▽

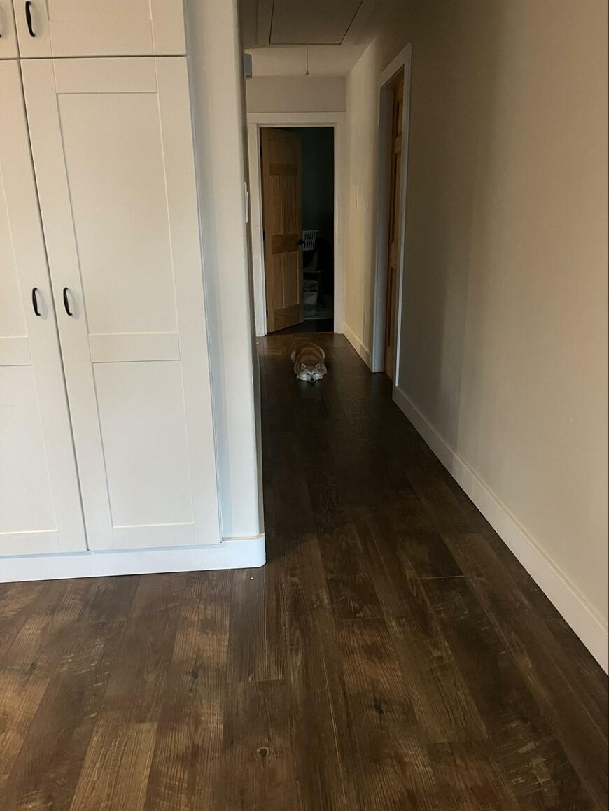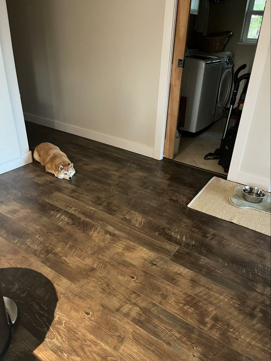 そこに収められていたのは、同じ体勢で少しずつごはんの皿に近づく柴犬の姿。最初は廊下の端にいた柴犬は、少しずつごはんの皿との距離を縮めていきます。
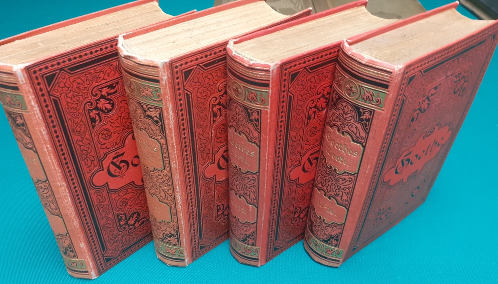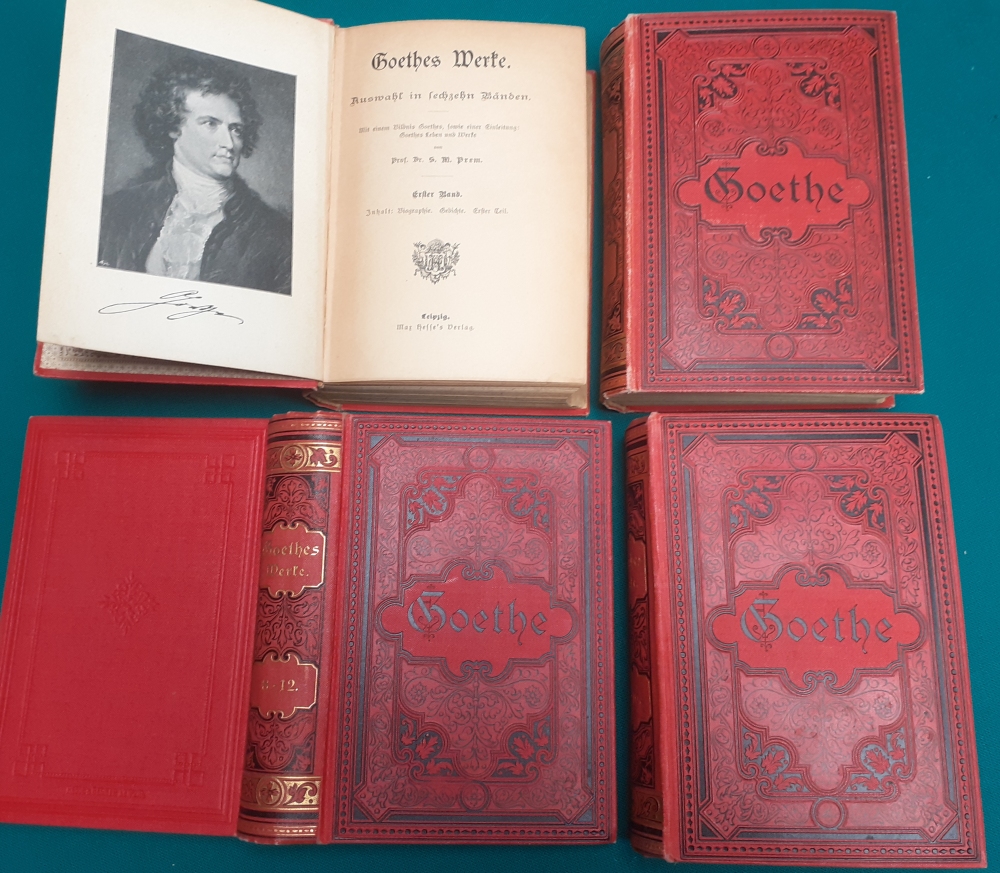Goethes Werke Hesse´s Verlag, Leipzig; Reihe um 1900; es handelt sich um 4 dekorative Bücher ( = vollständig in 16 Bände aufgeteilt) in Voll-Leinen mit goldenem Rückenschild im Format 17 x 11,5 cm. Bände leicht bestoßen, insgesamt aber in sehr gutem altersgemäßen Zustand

△
▽

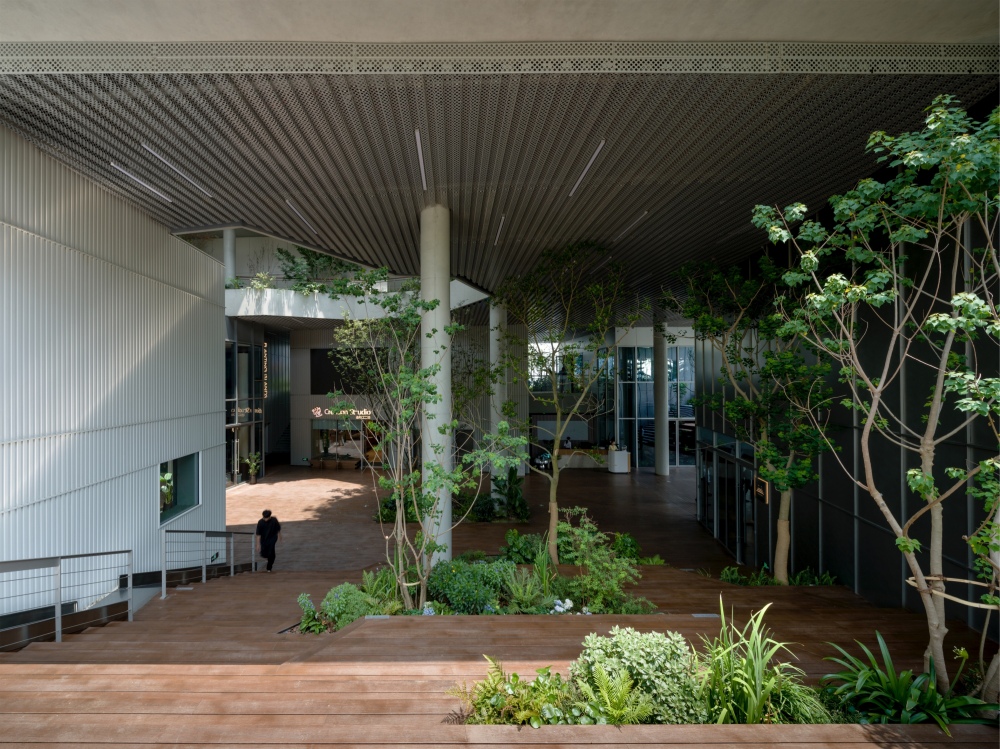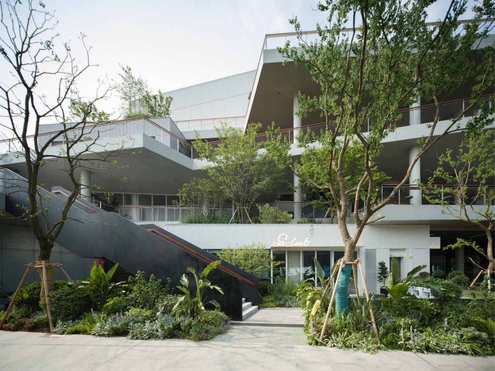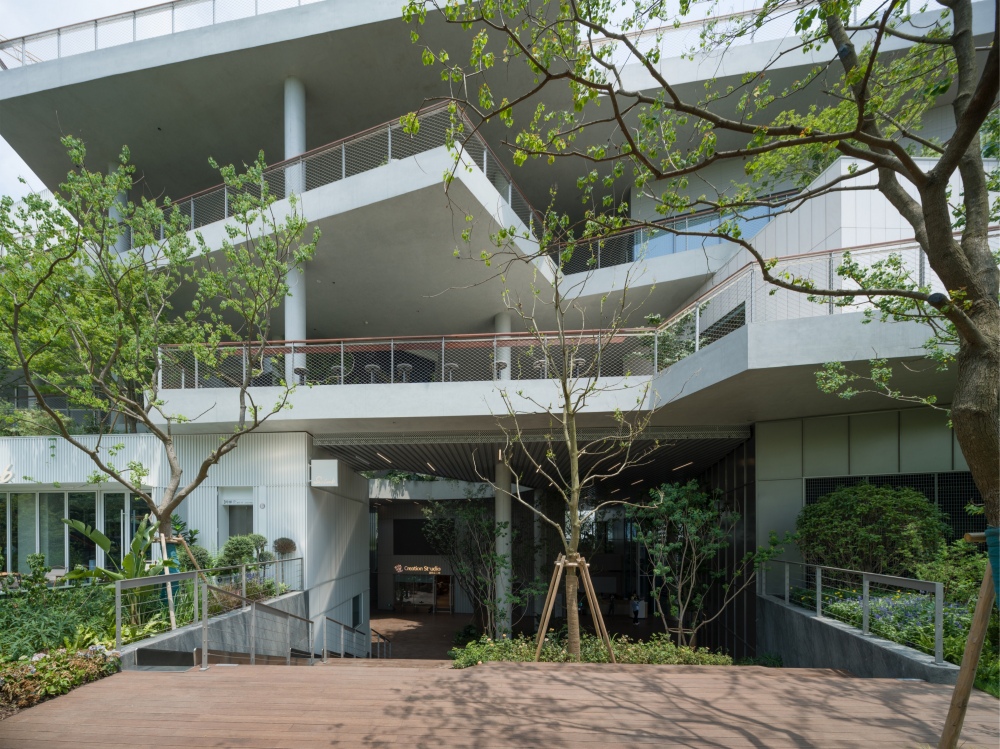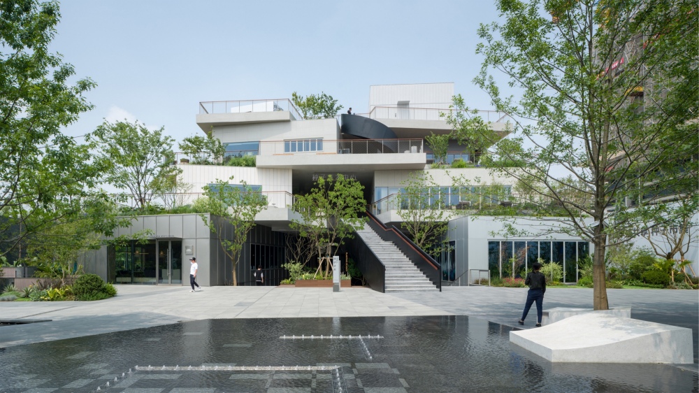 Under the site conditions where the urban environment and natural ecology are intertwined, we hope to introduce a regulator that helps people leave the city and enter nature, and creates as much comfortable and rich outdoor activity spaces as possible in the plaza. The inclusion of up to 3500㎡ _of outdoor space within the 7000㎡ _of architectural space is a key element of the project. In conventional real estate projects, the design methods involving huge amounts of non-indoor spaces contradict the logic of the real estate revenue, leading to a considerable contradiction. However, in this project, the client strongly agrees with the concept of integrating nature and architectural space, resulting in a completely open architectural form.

△
▽

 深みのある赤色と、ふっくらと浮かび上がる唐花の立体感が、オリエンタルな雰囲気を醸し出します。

△

Activity:
Starting with the line above that holds "そこに収められていたのは、同", restate each line word for word up to and including the line that holds "Goethes Werke Hesse´s". Drop the pictures.

Your solution:
 そこに収められていたのは、同じ体勢で少しずつごはんの皿に近づく柴犬の姿。最初は廊下の端にいた柴犬は、少しずつごはんの皿との距離を縮めていきます。
Goethes Werke Hesse´s Verlag, Leipzig; Reihe um 1900; es handelt sich um 4 dekorative Bücher ( = vollständig in 16 Bände aufgeteilt) in Voll-Leinen mit goldenem Rückenschild im Format 17 x 11,5 cm. Bände leicht bestoßen, insgesamt aber in sehr gutem altersgemäßen Zustand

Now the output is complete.